# What needs to be done
With no images included, output each entry below exactly as it appears.

*** Opening Provided entries ***

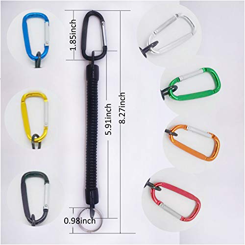 LAIBOREC Cordini da pesca, 7 pezzi retrattili di sicurezza per attrezzi da pesca a spirale, accessori con moschettone e anello diviso per pinze impugnature, canottaggio, kayak (multicolore)
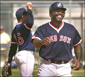 Carl Everett laughs after being tagged out by Donnie Sadler. (Globe Photo / Barry Chin)
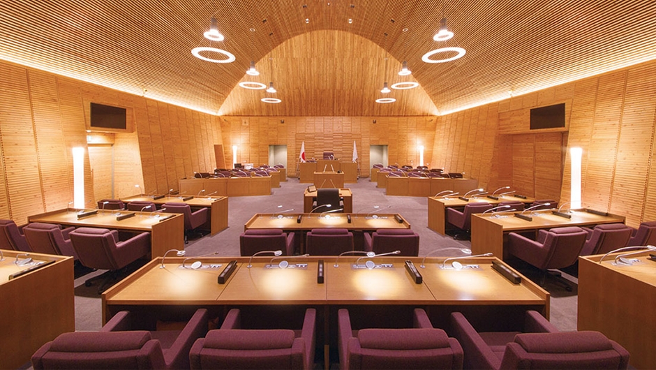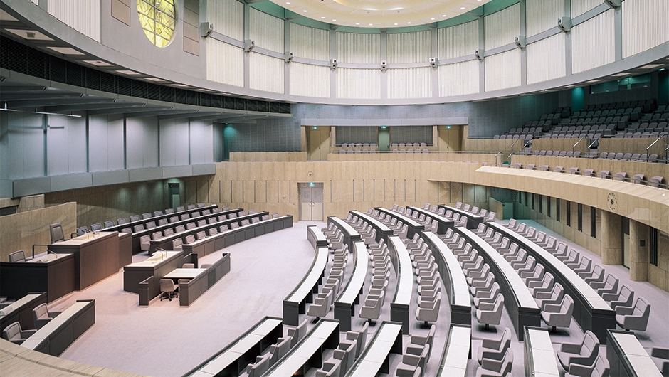 axona AICHIは従来の議会運営に適した家具の配置は勿論、住民参加型の討論会、あるいは講演会・セミナーなどにも対応可能な可動型の議場家具をご提案いたします。
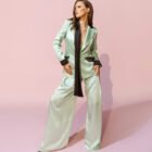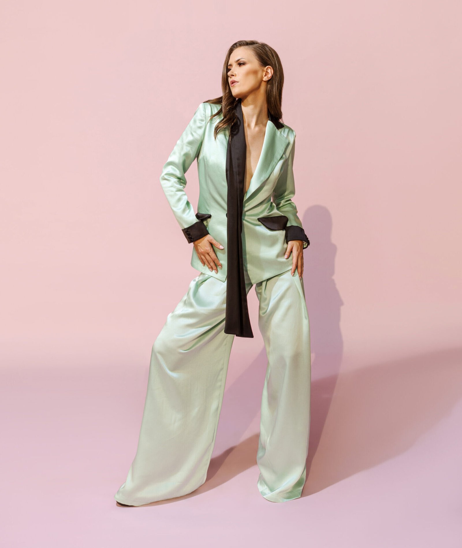 A sharply tailored two-piece set in a fresh mint-aqua tone, The blazer features bold black contrast detailing along the lapel, cuffs, and pocket flaps, creating a crisp graphic edge. A fluid black scarf element drapes from the neckline, adding movement and a touch of softness against the clean lines.
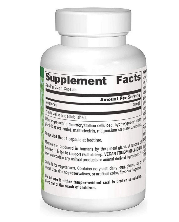 SOURCE NATURALS - Vegan True Melatonin 3 mg - 60 Vegetarian Capsules
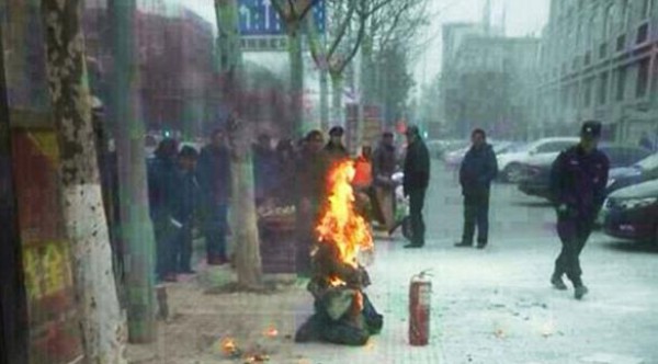 أضرم مزارع صيني النار في نفسه بوسط شارع مكتظ بالمارّة، بعد أن حنثت الحكومة بوعدها له بتعويضه عن أرضه التي استملكتها بهدف شق طريق سريع عبرها.
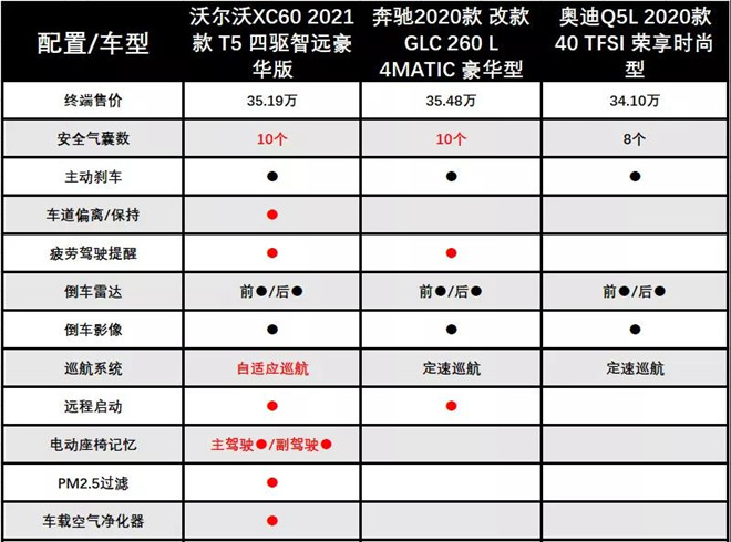 在配置方面,三款車也拉開很大差距。雖然沃爾沃XC60的售價(jià)在三車之間不是最高也不是最低,但是其配置水平卻是最突出的。以實(shí)際終端售價(jià)35萬左右的車型為例,我們選擇了沃爾沃XC60 2021款T5四驅(qū)智遠(yuǎn)豪華版、奔馳2020款改款GLC 260 L 4MATIC豪華型以及奧迪Q5L 2020款40TFSI榮享時(shí)尚型。在安全配置上,三款車均配備了主副駕駛、前排側(cè)、前后排頭部安全氣囊,但是XC60和GLC還有配有膝部氣囊,而Q5L卻沒有搭載。在主動(dòng)安全配置上,三款車均搭載了主動(dòng)剎車,XC60還搭載了車道偏離/保持、疲勞駕駛提醒,而GLC僅加裝了疲勞駕駛提醒。在駕駛輔助配置上,三款車均搭載了前后倒車?yán)走_(dá)、倒車影像、而XC60還搭載了自適應(yīng)續(xù)航系統(tǒng)、4種駕駛模式,奔馳GLC和奧迪Q5L則均使用了定速巡航和3種駕駛模式。
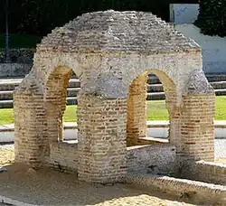 Near this church is the Fontanilla, the public fountain from which, according to tradition, Columbus's boats drew the fresh water for their voyage. The fountain lay between the church's Puerta de los Novios[3] and the wharf from which Columbus's expedition departed. The base of the fountain dates back to Roman times and it is protected by a tetrapylum, a sort of gazebo, constructed of stone in the thirteenth century[4] in the Mudéjar style.
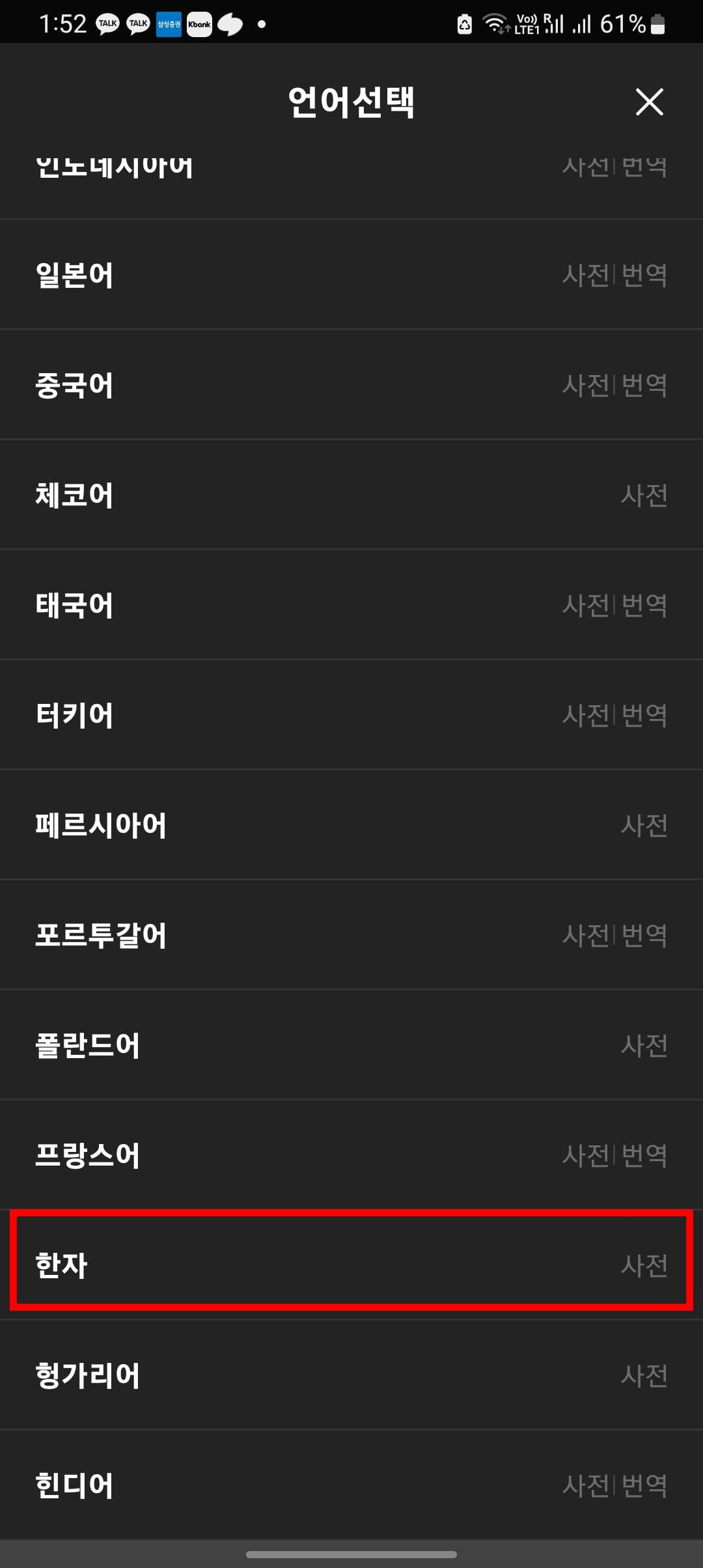 다음 사전 앱을 설치하고 실행하면 위와 같은 화면을 볼 수 있습니다. 처음에는 영어사전으로 표시되어 있으므로 영어사전을 터치합니다. 다양한 언어가 표시되면 하단에서 한자를 선택합니다.

*** Closing Provided entries ***

# Response area
 LAIBOREC Cordini da pesca, 7 pezzi retrattili di sicurezza per attrezzi da pesca a spirale, accessori con moschettone e anello diviso per pinze impugnature, canottaggio, kayak (multicolore)
 Carl Everett laughs after being tagged out by Donnie Sadler. (Globe Photo / Barry Chin)
 axona AICHIは従来の議会運営に適した家具の配置は勿論、住民参加型の討論会、あるいは講演会・セミナーなどにも対応可能な可動型の議場家具をご提案いたします。
 A sharply tailored two-piece set in a fresh mint-aqua tone, The blazer features bold black contrast detailing along the lapel, cuffs, and pocket flaps, creating a crisp graphic edge. A fluid black scarf element drapes from the neckline, adding movement and a touch of softness against the clean lines.
 SOURCE NATURALS - Vegan True Melatonin 3 mg - 60 Vegetarian Capsules
 أضرم مزارع صيني النار في نفسه بوسط شارع مكتظ بالمارّة، بعد أن حنثت الحكومة بوعدها له بتعويضه عن أرضه التي استملكتها بهدف شق طريق سريع عبرها.
 在配置方面,三款車也拉開很大差距。雖然沃爾沃XC60的售價(jià)在三車之間不是最高也不是最低,但是其配置水平卻是最突出的。以實(shí)際終端售價(jià)35萬左右的車型為例,我們選擇了沃爾沃XC60 2021款T5四驅(qū)智遠(yuǎn)豪華版、奔馳2020款改款GLC 260 L 4MATIC豪華型以及奧迪Q5L 2020款40TFSI榮享時(shí)尚型。在安全配置上,三款車均配備了主副駕駛、前排側(cè)、前后排頭部安全氣囊,但是XC60和GLC還有配有膝部氣囊,而Q5L卻沒有搭載。在主動(dòng)安全配置上,三款車均搭載了主動(dòng)剎車,XC60還搭載了車道偏離/保持、疲勞駕駛提醒,而GLC僅加裝了疲勞駕駛提醒。在駕駛輔助配置上,三款車均搭載了前后倒車?yán)走_(dá)、倒車影像、而XC60還搭載了自適應(yīng)續(xù)航系統(tǒng)、4種駕駛模式,奔馳GLC和奧迪Q5L則均使用了定速巡航和3種駕駛模式。
 Near this church is the Fontanilla, the public fountain from which, according to tradition, Columbus's boats drew the fresh water for their voyage. The fountain lay between the church's Puerta de los Novios[3] and the wharf from which Columbus's expedition departed. The base of the fountain dates back to Roman times and it is protected by a tetrapylum, a sort of gazebo, constructed of stone in the thirteenth century[4] in the Mudéjar style.
 다음 사전 앱을 설치하고 실행하면 위와 같은 화면을 볼 수 있습니다. 처음에는 영어사전으로 표시되어 있으므로 영어사전을 터치합니다. 다양한 언어가 표시되면 하단에서 한자를 선택합니다.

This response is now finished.